Read cookies from Splash request

3.6k views Asked by At

I'm trying to access cookies after I've made a request using Splash. Below is how I've build the request.

script = """
function main(splash)
  splash:init_cookies(splash.args.cookies)
  assert(splash:go{
    splash.args.url,
    headers=splash.args.headers,
    http_method=splash.args.http_method,
    body=splash.args.body,
    })
  assert(splash:wait(0.5))

  local entries = splash:history()
  local last_response = entries[#entries].response
  return {
    url = splash:url(),
    headers = last_response.headers,
    http_status = last_response.status,
    cookies = splash:get_cookies(),
    html = splash:html(),
  }
end
"""
req = SplashRequest(
    url,
    self.parse_page,
    args={
        'wait': 0.5,
        'lua_source': script,
        'endpoint': 'execute'
    }
)

The script is an exact copy from Splash documentation.
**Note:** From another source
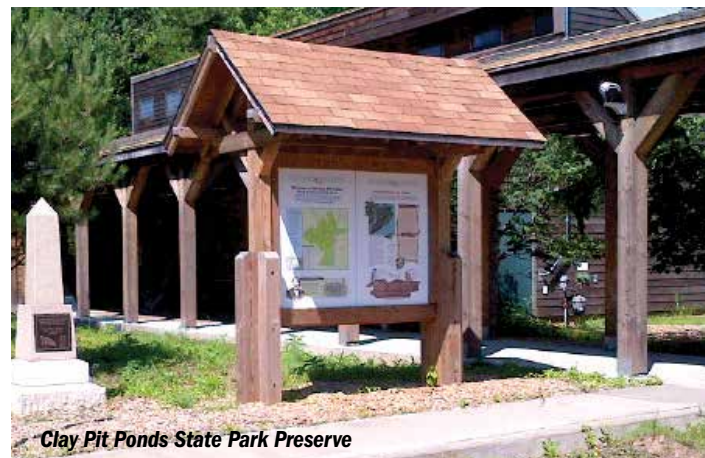
Clay Pit Ponds State Park Preserve

marsh. At 260 acres, Clay Pit Ponds State Park Preserve is the largest state park in New York City, featuring miles of walking and riding trails and surprisingly undisturbed nature. Interpretive signage and information kiosks have been installed this year at key points in the park's trail system near the scenic ponds. The park's Interpretive Center hosted dozens of visits from area school children, offering programs ranging from nature scavenger hunts and hikes to readings about life on the park's historic Gericke Farm. The regional commission is evaluating use of Gericke Farm, NYC's oldest continuously operated organic farm and an unsung asset of Clay Pit Ponds Preserve.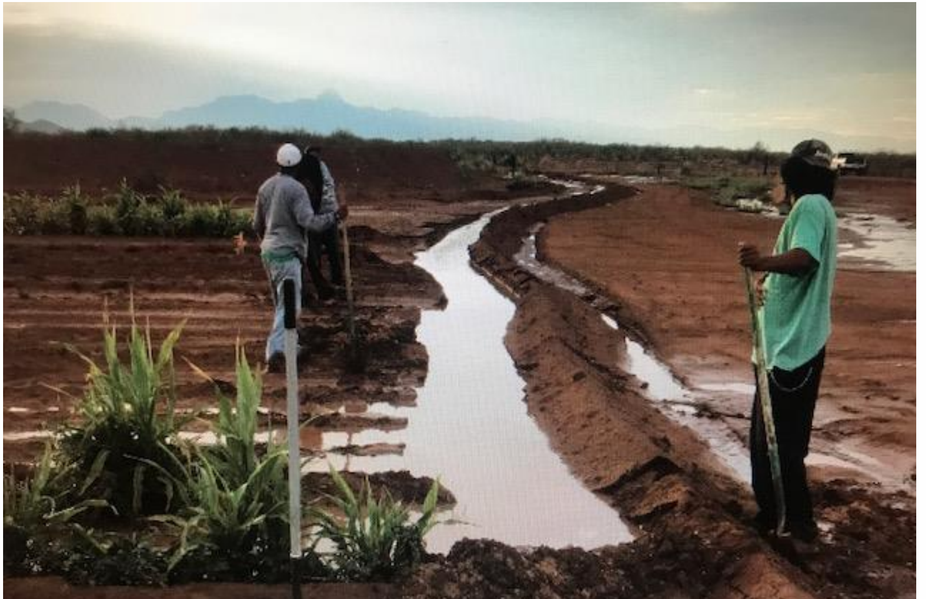
Alexander Pancho Memorial Farm, Cowlic Community, Tohono O'odham Nation, Sonoa Desert, Arizona

So I'm trying to access the cookies that are set on the webpage. When I'm not using Splash the code below works as I expect it to, but not when using Splash.
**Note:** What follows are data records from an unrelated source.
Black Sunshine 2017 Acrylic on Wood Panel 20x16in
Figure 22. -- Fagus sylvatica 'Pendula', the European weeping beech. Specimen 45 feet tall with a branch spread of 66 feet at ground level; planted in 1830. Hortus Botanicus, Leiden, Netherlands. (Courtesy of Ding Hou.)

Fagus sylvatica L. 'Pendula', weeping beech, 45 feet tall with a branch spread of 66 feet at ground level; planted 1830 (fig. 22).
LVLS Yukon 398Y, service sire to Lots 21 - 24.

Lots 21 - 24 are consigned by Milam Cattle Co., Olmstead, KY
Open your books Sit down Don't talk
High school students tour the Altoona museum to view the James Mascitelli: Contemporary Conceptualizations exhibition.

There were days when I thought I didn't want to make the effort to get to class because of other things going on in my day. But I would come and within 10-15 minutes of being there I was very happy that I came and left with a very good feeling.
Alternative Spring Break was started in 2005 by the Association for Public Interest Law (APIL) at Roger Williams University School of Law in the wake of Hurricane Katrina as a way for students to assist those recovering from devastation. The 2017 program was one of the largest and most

self.logger.debug('Cookies: %s', response.headers.get('Set-Cookie'))

This returns while using Splash:

2017-01-03 12:12:37 [spider] DEBUG: Cookies: None

When I'm not using Splash this code works and returns the cookies provided by the webpage.
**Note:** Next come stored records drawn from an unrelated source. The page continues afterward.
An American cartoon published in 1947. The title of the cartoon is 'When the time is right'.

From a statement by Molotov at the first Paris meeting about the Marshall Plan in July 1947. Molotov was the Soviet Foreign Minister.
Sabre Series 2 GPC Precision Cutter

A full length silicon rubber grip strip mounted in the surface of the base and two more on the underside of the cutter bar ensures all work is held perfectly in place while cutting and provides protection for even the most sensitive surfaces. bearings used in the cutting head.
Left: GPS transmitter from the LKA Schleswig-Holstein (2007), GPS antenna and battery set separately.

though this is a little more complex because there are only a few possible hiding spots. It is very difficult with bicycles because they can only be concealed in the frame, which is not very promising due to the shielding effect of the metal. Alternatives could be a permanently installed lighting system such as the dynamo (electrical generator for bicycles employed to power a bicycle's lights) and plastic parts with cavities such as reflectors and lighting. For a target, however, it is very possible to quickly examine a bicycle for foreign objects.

The documentation of Splash shows this code as example:

def parse_result(self, response):
    # here response.body contains result HTML;
    # response.headers are filled with headers from last
    # web page loaded to Splash;
    # cookies from all responses and from JavaScript are collected
    # and put into Set-Cookie response header, so that Scrapy
    # can remember them.

I'm not sure whether I'm understanding this correctly, but I'd say I should be able to access the cookies in the same way as when I'm not using Splash.

Middleware settings:

# Download middlewares 
DOWNLOADER_MIDDLEWARES = {
    # Use a random user agent on each request
    'crawling.middlewares.RandomUserAgentDownloaderMiddleware': 400,
    'scrapy.downloadermiddlewares.useragent.UserAgentMiddleware': None,
    'scrapy.downloadermiddlewares.cookies.CookiesMiddleware': 700,
    # Enable crawlera proxy
    'scrapy_crawlera.CrawleraMiddleware': 600,
    # Enable Splash to render javascript
    'scrapy_splash.SplashCookiesMiddleware': 723,
    'scrapy_splash.SplashMiddleware': 725,
    'scrapy.downloadermiddlewares.httpcompression.HttpCompressionMiddleware': 810, 
}

So my question is: how do I access cookies while using a Splash request?

Settings.py

spider.py

2

There are 2 answers

10
Mikhail Korobov On

You can set SPLASH_COOKIES_DEBUG=True option to see all cookies which are being set. Current cookiejar, with all cookies merged, is available as response.cookiejar when scrapy-splash is configured correctly.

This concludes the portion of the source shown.